Those who work with the homeless deal with people who face many challenges. Homelessness frequently goes hand in hand with substance abuse, mental health problems and integration difficulties. Homelessness is also a field in which it is difficult to establish recognized best practices, due to the lack of a critical mass of similar cases.
These principles provide health care providers and social workers with access to innovative practices, and will also be used to train future workers in the field.
In an effort to determine best practices, Roch Hurtubise, a professor with the School of Social Work at Université de Sherbrooke, worked with seven teams specialized in working with the homeless in Sherbrooke, Montréal, Laval and Gatineau. Together, they wrote fifty practice stories for a project entitled "Il était une fois… des récits de pratique en itinérance" ["Once Upon a Time… Stories of homelessness practice"]. An analysis of these stories gave rise to a series of principles for interventions relating to issues such as the importance of the homeless person's social network and the degree of expectation attached to a particular intervention.
These principles provide health care providers and social workers with access to innovative practices, and will also be used to train future workers in the field.
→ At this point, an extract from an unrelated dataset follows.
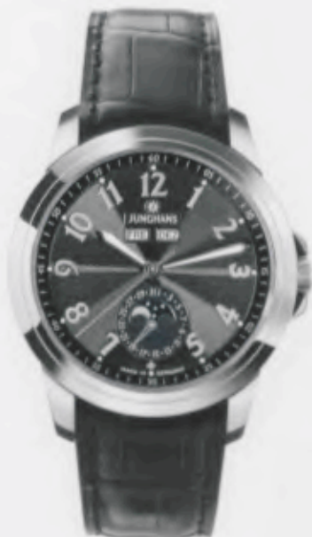
Ambassador Kalender 027/4629.00

The stories and their analyses are available (in French only) on the website of CREMIS (Centre de recherche de Montréal sur les inégalités sociales et les discriminations), in the section "Savoir d'interventions en itinérance ", an initiative that won the Association québécoise d'établissements de santé et de services sociaux (AQESSS) Mission Universitaire prize in 2014.
The project is of benefit to homelessness workers wishing to continue to document best practices and transmit their knowledge, and has helped researchers to redefine their research practices and identify new issues regarding interventions addressing homelessness.